▸ **Data provided**
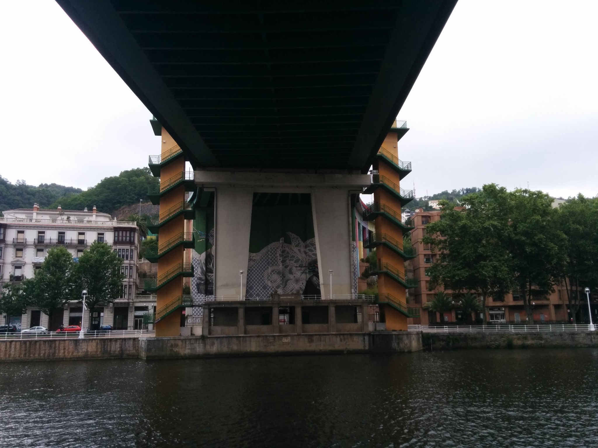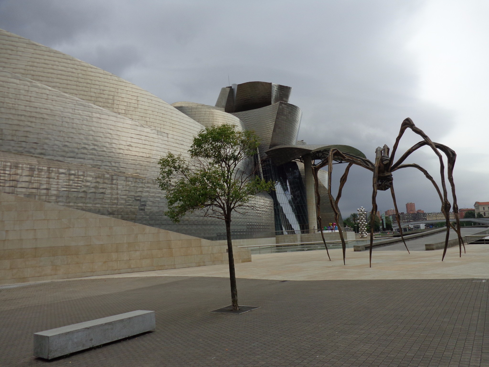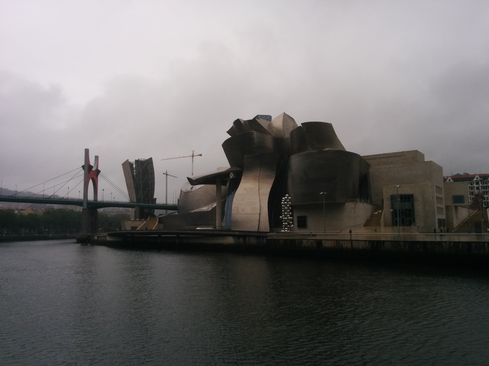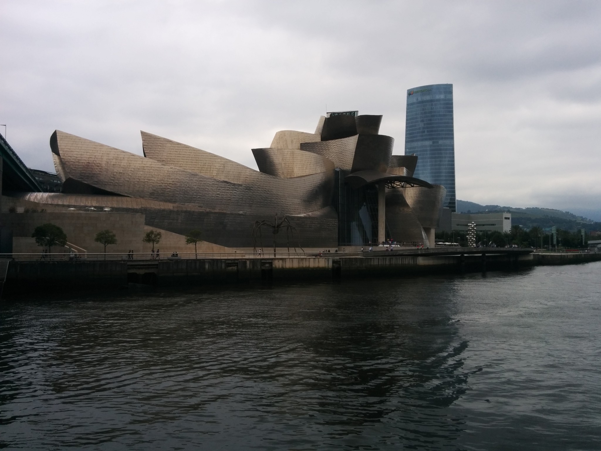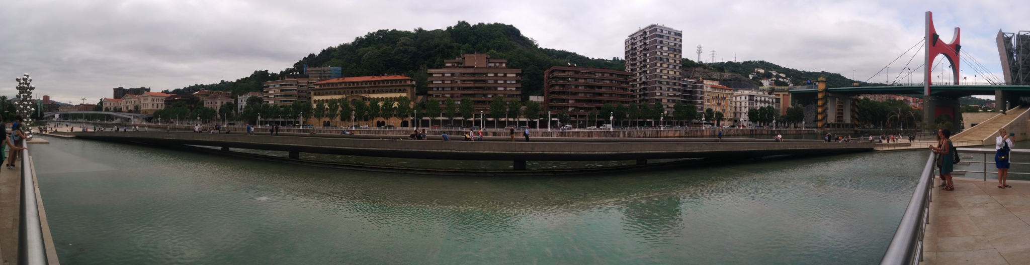 在机场和市区之间需要穿过一个隧道,一出隧道是可以看见毕尔巴鄂河流两岸的全景,当时有被惊艳到。7月的毕尔巴鄂还是雨季,阴雨的天空丝毫没有降低这座城市带给我的冲击,反而增强了其魅力。城市的建筑即给人一种富庶的感觉,城市非常小,适合漫步其中,特别是沿河两岸,带给人平静惬意的感觉。没有过多的喧闹,也没有过分的冷清,恰到好处的平衡可以有种脱俗的感觉。
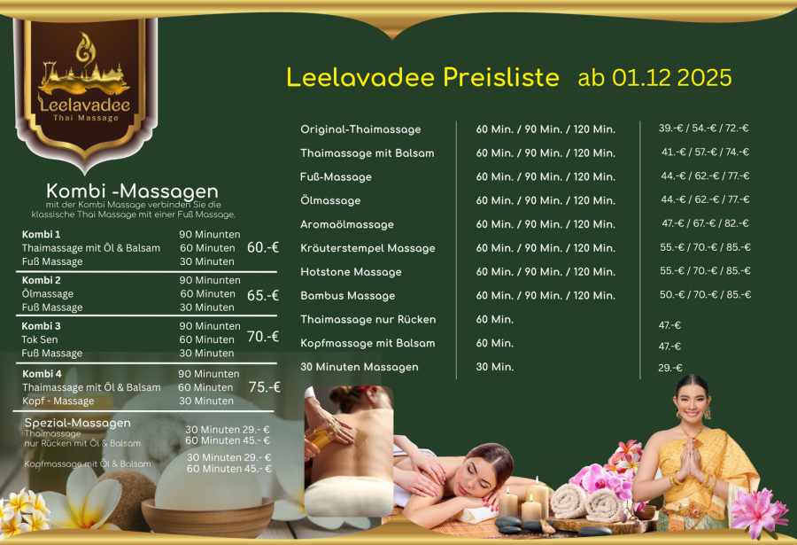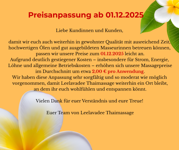 Leider kommt es immer wieder vor, dass der Begriff der Traditionellen Thaimassage missverstanden wird. In unserem Studio erhalten Sie nur Anwendungen auf Basis der Traditionellen Thailändischen
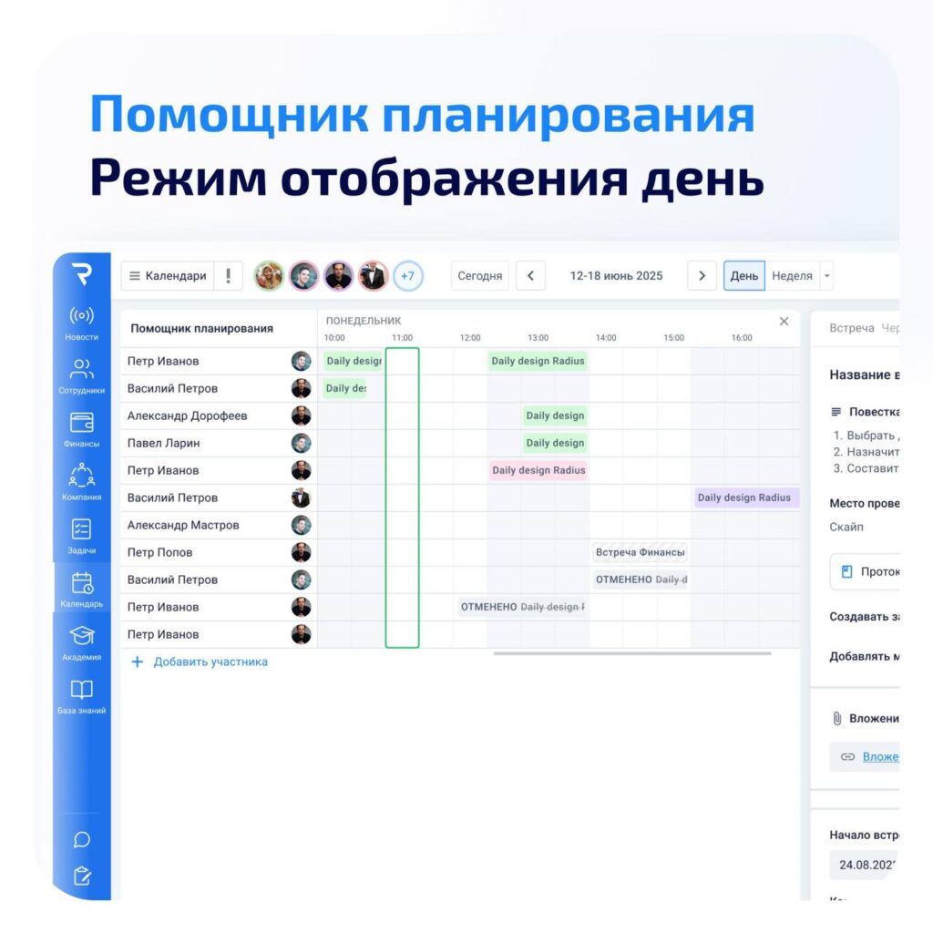 Мы обновили дневной режим календаря. Теперь расписание сотрудников отображается по часам, а подбор времени для встреч стал нагляднее и проще.

▸ **Task instructions**
Set down word for word each line from the one containing "Leider kommt es" through the end of the material, and keep the pictures out of it.

▸ **Reply**
 Leider kommt es immer wieder vor, dass der Begriff der Traditionellen Thaimassage missverstanden wird. In unserem Studio erhalten Sie nur Anwendungen auf Basis der Traditionellen Thailändischen
 Мы обновили дневной режим календаря. Теперь расписание сотрудников отображается по часам, а подбор времени для встреч стал нагляднее и проще.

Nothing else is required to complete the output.